В комнате было совсем светло, окно распахнуто. Она вспомнила, что оставила его с вечера слегка приоткрытым. Следов чужого пребывания не было. «Это ветер, – сообразила Маша. – Вот так сон? Ну и ну! Чего только не привидится? Скучаю по папе… Думаю о путниках, наблюдателях и посланниках. Обо всём и обо всех из нашей с Мариной книжки. Как странно приснились? Словно наяву…»

Плечо ныло. Она подошла к зеркалу и увидела большой абсолютно круглый отпечаток от набалдашника трости ночного гостя из её странного сна.




Разнополый марьяж[3 - Дама и король разных мастей.]


Кто предаёт себя же самого —

Не любит в этом мире никого!

    В. Шекспир, сонет 9

Я уже никогда не стану богатой, не буду жить на Лазурном Берегу и рассекать океан на белой яхте с алыми парусами. Я никогда не буду двадцатилетней длинноногой блондинкой, приковывающей к себе восторженные взоры мужчин и завистливые – женщин. Я никогда не напишу роман в духе Жорж Санд или моей тёзки Дарьи Донцовой.

Почему? Да просто потому, что я сама человек в другом стиле, в другом измерении – это я о блондинках (а жаль!), в другом общественном статусе, поменять который уже не в моих силах. Меня никогда не полюбит Брэд Пит, потому что мне никак не выдержать конкуренции с Анджелиной Джоли.

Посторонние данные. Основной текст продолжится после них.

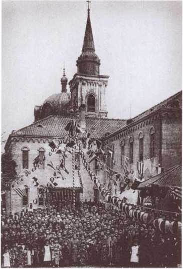 Русские семинаристы и прихожане перед собором Воскресения Христова (Николай-до). 11 июля 1906 г.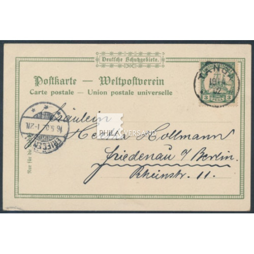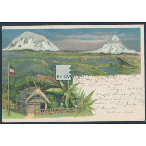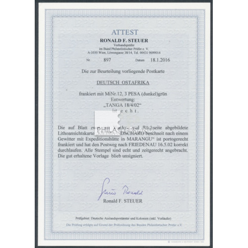 Yacht 1902 - 3 Pesa als Einzelfrankatur und perfekt zentrisch entwertet " Tanga 18/4 02 " auf wunderbarer Litho-Ansichtskarte mit tollem Motiv " Kilima-Ndscharo beschneit nach einem Gewitter mit Expeditionshütte in Marangu " gesendet mit Kartentext nach Friedenau (Ankunftstempel), sehr gute Bedarfserhaltung und mit Attest Steuer, BPP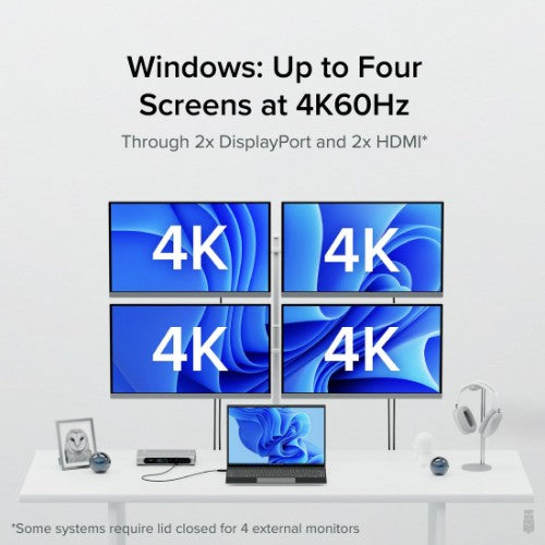 Regular price £341.4316-in-1 Thunderbolt 4 Dock with 100W Charging, 4K Quad Monitor Setup for Thunderbolt 4 Windows Laptops, Thunderbolt Certified Dock with 2x HDMI, 2x DisplayPort, 2.5G Ethernet, 7x USB, SDDescriptionThe Thunderbolt Certified 16-in-1 Quad docking station from... -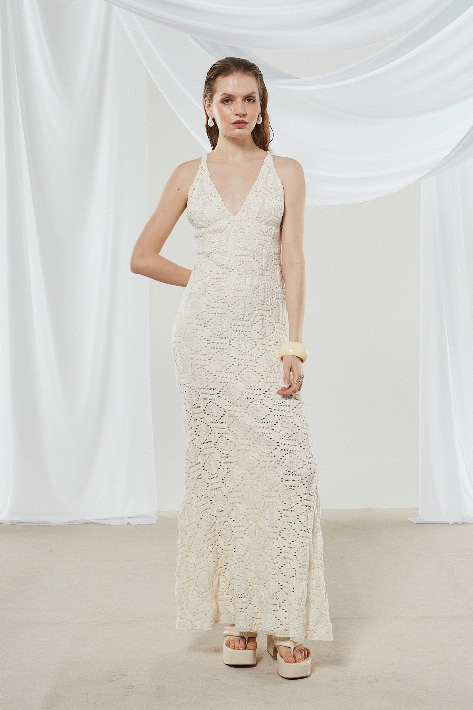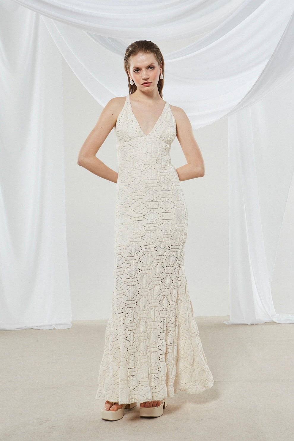 Indulge in the elegance of this cream-colored maxi dress. Its geometric openwork crochet pattern offers a monochromatic, textured look, while the straight hemline and form – fitting silhouette exude sophistication. The deep V – neck and sleeveless design add a touch of allure.

Нет, с ней он, по-моему, уже расстался, но это дела не меняет.

И сама я никогда не полюблю высокого, стройного, синеглазого блондина просто потому, что блондины вообще не в моём вкусе. Мысль интересная. А, собственно, почему так уж и не в моём? Надо будет обдумать это как-нибудь на досуге. Я никогда не надену мини-юбку, хотя, признаться честно, очень хочется. И ноги, и фигура это пока ещё позволяют. А вот, поди ж ты, никогда не надену! Господи, чего же ещё я не смогу себе позволить никогда?

Нет, не стоит себя огорчать прямо с утра чересчур длинным списком «никогда». Лучше подумать о том, что я ещё могу себе, любимой, позволить.

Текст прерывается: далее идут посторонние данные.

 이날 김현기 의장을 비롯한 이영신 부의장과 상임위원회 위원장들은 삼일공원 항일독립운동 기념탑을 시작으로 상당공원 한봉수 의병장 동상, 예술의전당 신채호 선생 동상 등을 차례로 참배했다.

Ну, разумеется, прежде всего, я могу себе позволить сидеть вот так, как сейчас, удобно устроившись в большом красивом кресле на балконе своей не менее красивой дачи. Спасибо моему четвёртому мужу! Спасибо! И дай ему бог здоровья на долгие годы! Да, забыла, дай ему, кроме душевного и физического благополучия, ещё и счастья в придачу… Нет, пусть лучше благополучия в первую очередь. С годами становлюсь меркантильной.

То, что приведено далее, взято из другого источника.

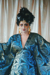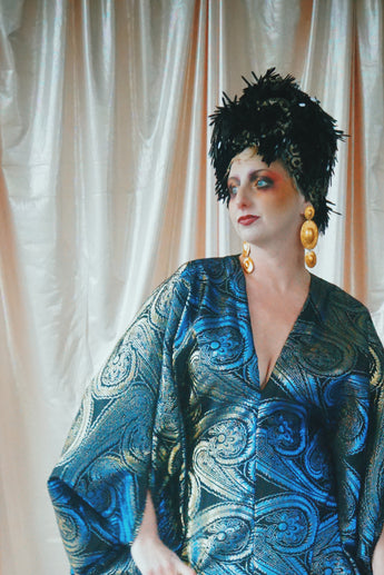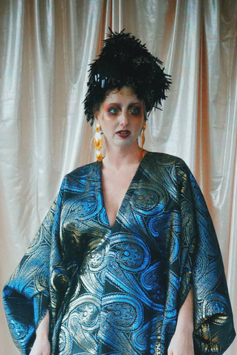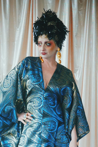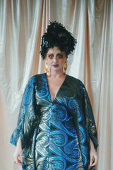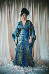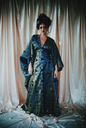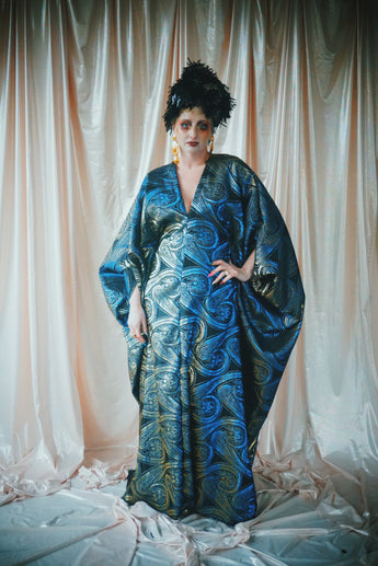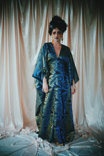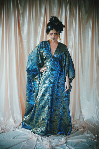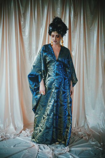 And incredible textured Brocade Blue/silver/gold metallic V- Neck kaftan Gown with our signature hidden ribbons.

Так вот, благодаря Павлу я могу теперь часами глядеть на совершенно бесподобный пейзаж, краски которого на чистой синей глади озера в течение дня беспрерывно меняются. С тех пор как Павел купил эту дачу, я понимаю импрессионистов! Боже, как я их понимаю!

Я могу наблюдать со своего балкона жизнь дачного посёлка, почти совершенно в этой жизни не участвуя, невзирая ни на какие уловки соседей к этой жизни меня приобщить, потому что я по натуре киплинговская кошка, которая гуляет сама по себе.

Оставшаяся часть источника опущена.